About this task -
Go through the material below and return each line with the string "from" in it.
# # # # #
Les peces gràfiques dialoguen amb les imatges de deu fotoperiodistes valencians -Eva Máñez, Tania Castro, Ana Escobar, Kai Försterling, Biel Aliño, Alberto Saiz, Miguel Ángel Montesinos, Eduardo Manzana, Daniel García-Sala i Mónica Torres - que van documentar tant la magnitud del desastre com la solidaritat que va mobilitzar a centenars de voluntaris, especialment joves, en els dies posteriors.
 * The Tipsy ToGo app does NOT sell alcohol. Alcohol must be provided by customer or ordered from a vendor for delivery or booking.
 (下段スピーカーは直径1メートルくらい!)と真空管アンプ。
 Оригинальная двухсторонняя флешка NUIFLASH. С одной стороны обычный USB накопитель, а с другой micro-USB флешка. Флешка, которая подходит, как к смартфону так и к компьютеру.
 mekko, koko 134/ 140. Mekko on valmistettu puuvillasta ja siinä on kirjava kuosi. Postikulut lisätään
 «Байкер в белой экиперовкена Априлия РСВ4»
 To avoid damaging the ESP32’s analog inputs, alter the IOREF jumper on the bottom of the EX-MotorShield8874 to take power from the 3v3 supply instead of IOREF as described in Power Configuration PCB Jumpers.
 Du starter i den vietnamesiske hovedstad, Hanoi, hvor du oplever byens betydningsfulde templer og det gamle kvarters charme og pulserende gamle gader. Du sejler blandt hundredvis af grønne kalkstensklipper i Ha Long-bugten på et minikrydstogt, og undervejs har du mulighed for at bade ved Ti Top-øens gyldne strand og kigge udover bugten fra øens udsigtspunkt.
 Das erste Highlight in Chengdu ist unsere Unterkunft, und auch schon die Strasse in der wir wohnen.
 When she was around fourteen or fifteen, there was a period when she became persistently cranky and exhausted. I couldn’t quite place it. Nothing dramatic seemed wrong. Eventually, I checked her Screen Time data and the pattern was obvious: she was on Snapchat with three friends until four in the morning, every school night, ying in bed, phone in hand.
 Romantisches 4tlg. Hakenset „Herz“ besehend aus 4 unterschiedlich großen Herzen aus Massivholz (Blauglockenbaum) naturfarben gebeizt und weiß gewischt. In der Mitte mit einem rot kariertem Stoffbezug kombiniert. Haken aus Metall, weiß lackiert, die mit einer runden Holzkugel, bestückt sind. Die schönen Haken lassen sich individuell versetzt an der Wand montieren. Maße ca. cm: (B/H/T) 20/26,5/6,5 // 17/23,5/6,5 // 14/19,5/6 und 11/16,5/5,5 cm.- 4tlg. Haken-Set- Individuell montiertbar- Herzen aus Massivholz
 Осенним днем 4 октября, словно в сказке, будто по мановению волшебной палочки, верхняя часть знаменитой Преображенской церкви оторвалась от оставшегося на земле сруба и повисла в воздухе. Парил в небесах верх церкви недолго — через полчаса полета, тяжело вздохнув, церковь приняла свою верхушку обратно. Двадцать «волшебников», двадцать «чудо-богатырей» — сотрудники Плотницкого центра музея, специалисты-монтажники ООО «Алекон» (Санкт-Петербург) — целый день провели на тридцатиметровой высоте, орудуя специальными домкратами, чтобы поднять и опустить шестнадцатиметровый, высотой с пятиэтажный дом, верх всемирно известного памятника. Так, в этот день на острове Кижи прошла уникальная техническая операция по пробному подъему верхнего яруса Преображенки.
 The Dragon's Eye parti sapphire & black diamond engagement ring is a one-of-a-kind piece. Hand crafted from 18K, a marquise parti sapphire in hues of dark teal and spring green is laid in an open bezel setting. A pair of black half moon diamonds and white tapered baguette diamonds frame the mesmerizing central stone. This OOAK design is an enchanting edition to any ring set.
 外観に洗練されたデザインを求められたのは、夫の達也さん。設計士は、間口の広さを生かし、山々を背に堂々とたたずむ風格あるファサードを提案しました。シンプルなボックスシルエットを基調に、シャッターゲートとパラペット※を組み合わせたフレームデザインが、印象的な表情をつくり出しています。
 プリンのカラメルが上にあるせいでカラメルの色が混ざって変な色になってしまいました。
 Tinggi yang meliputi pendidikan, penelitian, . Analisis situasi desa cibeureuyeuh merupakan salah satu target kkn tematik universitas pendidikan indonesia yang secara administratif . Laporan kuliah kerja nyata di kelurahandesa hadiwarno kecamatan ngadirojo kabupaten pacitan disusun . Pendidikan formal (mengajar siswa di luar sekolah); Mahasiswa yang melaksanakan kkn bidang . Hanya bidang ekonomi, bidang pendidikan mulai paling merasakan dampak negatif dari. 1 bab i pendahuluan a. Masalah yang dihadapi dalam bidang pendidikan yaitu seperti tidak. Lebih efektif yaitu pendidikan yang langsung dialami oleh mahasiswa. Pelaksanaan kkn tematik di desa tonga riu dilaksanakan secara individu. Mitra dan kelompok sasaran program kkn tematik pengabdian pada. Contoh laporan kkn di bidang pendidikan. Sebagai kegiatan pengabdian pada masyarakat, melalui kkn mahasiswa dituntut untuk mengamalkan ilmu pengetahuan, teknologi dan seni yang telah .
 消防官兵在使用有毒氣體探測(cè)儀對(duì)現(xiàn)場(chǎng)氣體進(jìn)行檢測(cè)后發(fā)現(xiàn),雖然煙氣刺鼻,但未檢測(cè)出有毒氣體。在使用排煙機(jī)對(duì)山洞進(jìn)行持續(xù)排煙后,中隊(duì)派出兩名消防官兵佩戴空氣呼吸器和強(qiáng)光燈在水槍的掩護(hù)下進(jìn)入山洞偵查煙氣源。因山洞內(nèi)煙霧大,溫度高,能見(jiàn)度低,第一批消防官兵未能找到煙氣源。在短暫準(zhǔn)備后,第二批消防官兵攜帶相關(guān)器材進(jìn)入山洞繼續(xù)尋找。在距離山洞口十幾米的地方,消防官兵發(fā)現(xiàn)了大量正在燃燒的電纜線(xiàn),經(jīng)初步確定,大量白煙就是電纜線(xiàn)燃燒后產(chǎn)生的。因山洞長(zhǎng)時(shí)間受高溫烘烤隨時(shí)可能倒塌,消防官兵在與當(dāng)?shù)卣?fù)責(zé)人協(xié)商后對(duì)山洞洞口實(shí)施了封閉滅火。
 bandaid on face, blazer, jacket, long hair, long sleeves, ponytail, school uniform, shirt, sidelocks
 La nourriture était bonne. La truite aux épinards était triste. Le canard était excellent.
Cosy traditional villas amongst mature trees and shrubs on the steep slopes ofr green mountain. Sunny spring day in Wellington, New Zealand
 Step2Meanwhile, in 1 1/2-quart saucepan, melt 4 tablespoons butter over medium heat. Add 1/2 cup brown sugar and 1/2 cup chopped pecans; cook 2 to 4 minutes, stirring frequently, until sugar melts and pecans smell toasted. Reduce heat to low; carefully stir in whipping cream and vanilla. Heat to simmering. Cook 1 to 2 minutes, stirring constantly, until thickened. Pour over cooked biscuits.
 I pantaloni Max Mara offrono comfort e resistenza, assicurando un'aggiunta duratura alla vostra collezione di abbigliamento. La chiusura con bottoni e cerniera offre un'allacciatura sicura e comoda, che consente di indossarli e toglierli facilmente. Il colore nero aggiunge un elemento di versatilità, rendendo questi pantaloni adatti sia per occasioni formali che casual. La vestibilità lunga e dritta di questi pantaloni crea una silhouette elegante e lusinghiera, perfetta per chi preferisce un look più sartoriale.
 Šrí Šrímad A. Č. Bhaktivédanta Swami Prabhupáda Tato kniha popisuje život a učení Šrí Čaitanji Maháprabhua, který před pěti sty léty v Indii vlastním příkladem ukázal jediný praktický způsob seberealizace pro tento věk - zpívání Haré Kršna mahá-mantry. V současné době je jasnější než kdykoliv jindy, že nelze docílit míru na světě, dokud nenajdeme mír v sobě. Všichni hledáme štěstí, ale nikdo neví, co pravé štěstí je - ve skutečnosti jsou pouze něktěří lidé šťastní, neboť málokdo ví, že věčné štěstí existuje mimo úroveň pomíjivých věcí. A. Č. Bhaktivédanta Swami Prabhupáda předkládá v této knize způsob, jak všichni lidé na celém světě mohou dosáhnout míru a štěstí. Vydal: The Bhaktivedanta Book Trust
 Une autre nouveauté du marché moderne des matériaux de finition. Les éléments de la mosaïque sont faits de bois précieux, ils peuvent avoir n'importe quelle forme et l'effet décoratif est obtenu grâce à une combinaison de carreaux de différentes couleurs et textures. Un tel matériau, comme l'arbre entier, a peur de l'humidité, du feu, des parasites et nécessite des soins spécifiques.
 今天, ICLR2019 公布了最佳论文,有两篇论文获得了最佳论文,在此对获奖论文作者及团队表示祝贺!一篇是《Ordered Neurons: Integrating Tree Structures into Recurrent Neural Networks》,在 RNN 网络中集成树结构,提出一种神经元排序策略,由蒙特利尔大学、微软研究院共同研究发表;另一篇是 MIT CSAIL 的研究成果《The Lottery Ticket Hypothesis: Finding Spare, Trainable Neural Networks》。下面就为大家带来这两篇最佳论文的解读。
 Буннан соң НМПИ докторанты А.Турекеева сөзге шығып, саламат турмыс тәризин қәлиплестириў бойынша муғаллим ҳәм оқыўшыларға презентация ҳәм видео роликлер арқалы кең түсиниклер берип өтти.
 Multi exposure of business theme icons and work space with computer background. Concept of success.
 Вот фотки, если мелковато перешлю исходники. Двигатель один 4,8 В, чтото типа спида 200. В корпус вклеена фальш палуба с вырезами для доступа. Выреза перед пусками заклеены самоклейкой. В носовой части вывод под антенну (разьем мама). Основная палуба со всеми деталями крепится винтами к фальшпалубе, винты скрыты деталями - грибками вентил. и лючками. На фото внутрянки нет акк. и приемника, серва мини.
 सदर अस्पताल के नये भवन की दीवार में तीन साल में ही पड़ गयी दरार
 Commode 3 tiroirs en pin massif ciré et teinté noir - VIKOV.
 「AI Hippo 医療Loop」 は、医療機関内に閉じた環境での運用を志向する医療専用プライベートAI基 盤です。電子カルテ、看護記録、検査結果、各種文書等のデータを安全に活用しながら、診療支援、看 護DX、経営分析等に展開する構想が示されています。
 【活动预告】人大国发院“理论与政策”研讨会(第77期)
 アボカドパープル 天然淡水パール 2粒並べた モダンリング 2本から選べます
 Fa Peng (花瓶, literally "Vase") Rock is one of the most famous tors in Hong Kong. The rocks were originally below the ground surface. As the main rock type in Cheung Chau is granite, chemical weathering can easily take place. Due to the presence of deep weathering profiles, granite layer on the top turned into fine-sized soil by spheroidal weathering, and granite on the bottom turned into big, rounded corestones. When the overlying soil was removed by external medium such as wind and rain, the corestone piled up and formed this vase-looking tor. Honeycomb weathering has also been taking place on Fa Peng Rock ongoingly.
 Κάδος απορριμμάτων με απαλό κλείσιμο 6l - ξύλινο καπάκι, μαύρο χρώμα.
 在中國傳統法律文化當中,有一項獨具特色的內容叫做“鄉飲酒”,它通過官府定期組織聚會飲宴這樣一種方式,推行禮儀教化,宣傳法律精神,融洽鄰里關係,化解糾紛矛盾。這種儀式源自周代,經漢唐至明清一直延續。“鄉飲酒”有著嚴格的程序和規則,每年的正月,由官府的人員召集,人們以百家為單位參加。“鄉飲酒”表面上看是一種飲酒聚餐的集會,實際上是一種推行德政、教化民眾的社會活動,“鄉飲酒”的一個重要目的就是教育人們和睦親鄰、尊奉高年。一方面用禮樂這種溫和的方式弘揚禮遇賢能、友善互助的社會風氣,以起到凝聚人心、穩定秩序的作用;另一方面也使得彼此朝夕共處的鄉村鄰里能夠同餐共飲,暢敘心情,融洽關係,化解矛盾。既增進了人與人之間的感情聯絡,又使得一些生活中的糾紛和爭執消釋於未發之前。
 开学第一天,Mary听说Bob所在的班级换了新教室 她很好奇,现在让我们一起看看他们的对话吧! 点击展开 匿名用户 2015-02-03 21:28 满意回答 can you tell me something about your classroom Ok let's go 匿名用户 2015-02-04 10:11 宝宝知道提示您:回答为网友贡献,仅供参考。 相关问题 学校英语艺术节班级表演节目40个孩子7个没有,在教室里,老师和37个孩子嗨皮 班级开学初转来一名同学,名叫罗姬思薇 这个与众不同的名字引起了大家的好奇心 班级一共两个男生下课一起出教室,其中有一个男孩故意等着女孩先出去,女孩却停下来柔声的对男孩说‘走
# # # # #
Result of the task -
 * The Tipsy ToGo app does NOT sell alcohol. Alcohol must be provided by customer or ordered from a vendor for delivery or booking.
 To avoid damaging the ESP32’s analog inputs, alter the IOREF jumper on the bottom of the EX-MotorShield8874 to take power from the 3v3 supply instead of IOREF as described in Power Configuration PCB Jumpers.
 The Dragon's Eye parti sapphire & black diamond engagement ring is a one-of-a-kind piece. Hand crafted from 18K, a marquise parti sapphire in hues of dark teal and spring green is laid in an open bezel setting. A pair of black half moon diamonds and white tapered baguette diamonds frame the mesmerizing central stone. This OOAK design is an enchanting edition to any ring set.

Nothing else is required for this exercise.